Alzheimer's Day Underscores the Need for Compassion in Trying to Get an Early Diagnosis
Dad and I had a long conversation last night about Mom's diagnosis. Prompted by the HealthCentral producer's request for shareposts about Alzheimer's Day and the importance of early screening for Alzheimer's, Dad and I came to an agreement: Mom actively avoided being diagnosed. Having taken care of her own mother (who had the disease) and seen her grandmother also succumb to dementia, Mom was terrified of following in their footsteps. And being the strong-willed woman who was always in control, Mom was able to do anything to avoid seeing a doctor about her memory issues.

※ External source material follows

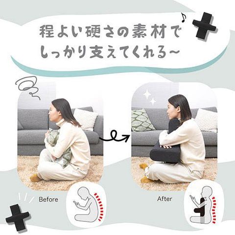 ●このクッションを抱きしめて! あごをのせて、姿勢をサポート! 腰も肩も首もらっくらく!
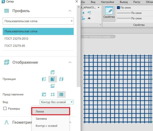 1. В программе nanoCAD Металлоконструкции выбираем сетку, а затем задаем в Редакторе сетки Вид ⇒ Линия (рис. 23).

We had several chances for an earlier diagnosis. In 2003 and 2004 Mom was hospitalized twice for her lung condition, Dad remembers the attending doctors telling him (but not Mom) that they detected dementia. I also remember going with my parents to an appointment with a neurologist who had been recommended to our family around 2004. This doctor quickly and impersonally proclaimed that Mom had Alzheimer's. (Talk about no bedside manner; this particular neurologist was more interested in flirting with the drug company representative who was in the examination room than focusing on my mother and the psychological implications of his verdict). Needless to say, Mom was traumatized by not only diagnosis but also by this doctor's behavior, and quickly dismissed his medical opinion.
We finally got closer to a diagnosis in 2005 when Mom agreed to see a neurologist near where I live. This doctor took the time and care to focus on her psychological needs and to do a number of tests to try to determine why she was having memory loss. He referred Mom to a psychologist for two-day testing. The results of that testing found that Mom had mild cognitive impairment (MCI), but not Alzheimer's. The neurologist wanted Mom to do a few more tests (such as an MRI), but Mom refused. Both Dad and I tried to encourage her to use the neurologist's recommendations to find out what was behind her memory loss, but Mom was adamant, perhaps being relieved that she had been diagnosed with MCI instead of the dreaded Alzheimer's.
A year later when Mom moved in with me, I was stunned by Mom's rapid mental decline, which not only included memory loss but also full-blown paranoia. Because I was bewildered by this new behavior (which was so unlike the mother that I knew and which I had not experienced before), I asked the emergency room doctors for a geriatric psychiatric evaluation during one of Mom's trips to the local emergency room.
I tell you this saga because my mother - and probably others - was too terrified to get a diagnosis, especially for a disease which doesn't have a cure. But what would have happened if Mom had agreed to a diagnosis?
Here's what Dad and I hypothesized last night. First of all, Dad said they probably would have moved closer to me. (Note: my brother lives in Colorado, which would have precluded my parents from moving there due to the altitude and Mom's lung disease). In fact, Mom started trying to encourage Dad to move to an apartment in a retirement community near me starting in 2002 or 2003, but my father hesitated in committing since they had a house to sell in the West Texas city where they lived. I asked Dad last night, "Do you think, in retrospect, that she knew something was wrong with her mind, and that was why she wanted to move?" He thought about it for a moment, and then answered, "Perhaps."
I also believe that if Mom had agreed to a diagnosis that I (and perhaps my father) would have started learning about the stages of the disease and done a better job of anticipating what would happen. Instead, we both focused on the progression of Mom's lung disease.
I also believe that if we had had an earlier diagnosis, that much of the stress and strain in my parents' relationship from 2002-2005 might have been reduced because my father would have know what was going on (and I could have stepped in to either coach him or to spell him so he could have gotten a break).
Obviously, an early diagnosis of Alzheimer's can be beneficial, both for early treatment as well as for logistical planning. In our case (and for many other families), it wasn't possible due to the terrified reaction of the loved one who is experiencing this dreaded disease. For those people to reach a point of diagnosis takes tremendous compassion not only by family members and friends, but also by the medical community. And sometimes, unfortunately, that compassion just won't be enough.